• Task statement:
The entries are to be duplicated exactly, though any picture in them must be omitted.

Records from a data source:

========

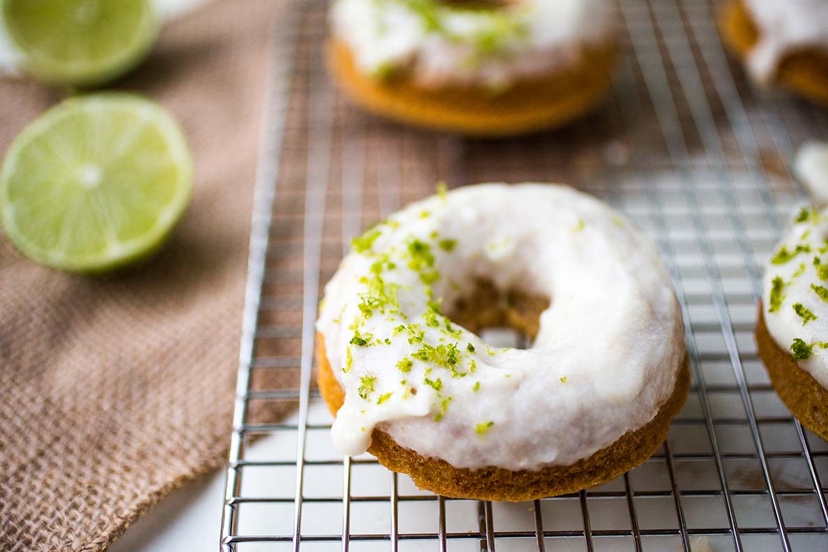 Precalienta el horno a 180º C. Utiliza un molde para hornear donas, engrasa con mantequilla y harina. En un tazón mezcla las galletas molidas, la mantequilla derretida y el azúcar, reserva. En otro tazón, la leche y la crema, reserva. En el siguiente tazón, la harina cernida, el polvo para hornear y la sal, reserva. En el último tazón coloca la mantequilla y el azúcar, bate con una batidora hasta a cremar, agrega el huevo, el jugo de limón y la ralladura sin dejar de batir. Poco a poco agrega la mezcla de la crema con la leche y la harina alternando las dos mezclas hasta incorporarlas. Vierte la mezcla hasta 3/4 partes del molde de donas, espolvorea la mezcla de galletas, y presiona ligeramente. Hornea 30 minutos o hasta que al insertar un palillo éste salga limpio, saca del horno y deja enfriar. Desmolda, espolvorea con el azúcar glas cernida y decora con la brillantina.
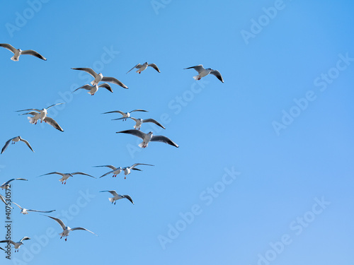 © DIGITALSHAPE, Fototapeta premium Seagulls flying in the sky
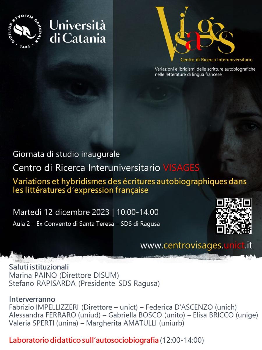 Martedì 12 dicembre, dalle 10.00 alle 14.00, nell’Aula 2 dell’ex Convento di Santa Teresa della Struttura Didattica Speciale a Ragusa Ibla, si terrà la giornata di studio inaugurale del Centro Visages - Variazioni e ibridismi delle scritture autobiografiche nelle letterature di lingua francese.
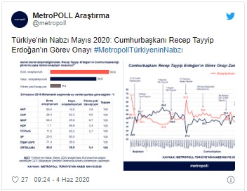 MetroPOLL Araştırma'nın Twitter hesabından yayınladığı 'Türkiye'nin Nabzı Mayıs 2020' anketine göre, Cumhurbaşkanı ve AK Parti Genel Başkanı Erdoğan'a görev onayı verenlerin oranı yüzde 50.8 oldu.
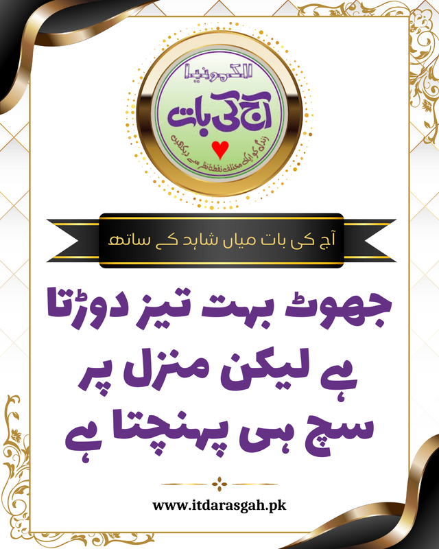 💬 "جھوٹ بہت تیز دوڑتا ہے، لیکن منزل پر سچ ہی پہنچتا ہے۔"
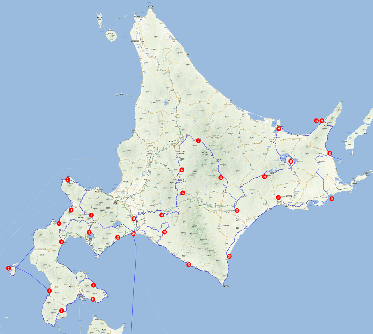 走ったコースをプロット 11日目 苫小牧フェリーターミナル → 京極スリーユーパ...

========

• Exercise answer:
 Precalienta el horno a 180º C. Utiliza un molde para hornear donas, engrasa con mantequilla y harina. En un tazón mezcla las galletas molidas, la mantequilla derretida y el azúcar, reserva. En otro tazón, la leche y la crema, reserva. En el siguiente tazón, la harina cernida, el polvo para hornear y la sal, reserva. En el último tazón coloca la mantequilla y el azúcar, bate con una batidora hasta a cremar, agrega el huevo, el jugo de limón y la ralladura sin dejar de batir. Poco a poco agrega la mezcla de la crema con la leche y la harina alternando las dos mezclas hasta incorporarlas. Vierte la mezcla hasta 3/4 partes del molde de donas, espolvorea la mezcla de galletas, y presiona ligeramente. Hornea 30 minutos o hasta que al insertar un palillo éste salga limpio, saca del horno y deja enfriar. Desmolda, espolvorea con el azúcar glas cernida y decora con la brillantina.
 © DIGITALSHAPE, Fototapeta premium Seagulls flying in the sky
 Martedì 12 dicembre, dalle 10.00 alle 14.00, nell’Aula 2 dell’ex Convento di Santa Teresa della Struttura Didattica Speciale a Ragusa Ibla, si terrà la giornata di studio inaugurale del Centro Visages - Variazioni e ibridismi delle scritture autobiografiche nelle letterature di lingua francese.
 MetroPOLL Araştırma'nın Twitter hesabından yayınladığı 'Türkiye'nin Nabzı Mayıs 2020' anketine göre, Cumhurbaşkanı ve AK Parti Genel Başkanı Erdoğan'a görev onayı verenlerin oranı yüzde 50.8 oldu.
 💬 "جھوٹ بہت تیز دوڑتا ہے، لیکن منزل پر سچ ہی پہنچتا ہے۔"
 走ったコースをプロット 11日目 苫小牧フェリーターミナル → 京極スリーユーパ...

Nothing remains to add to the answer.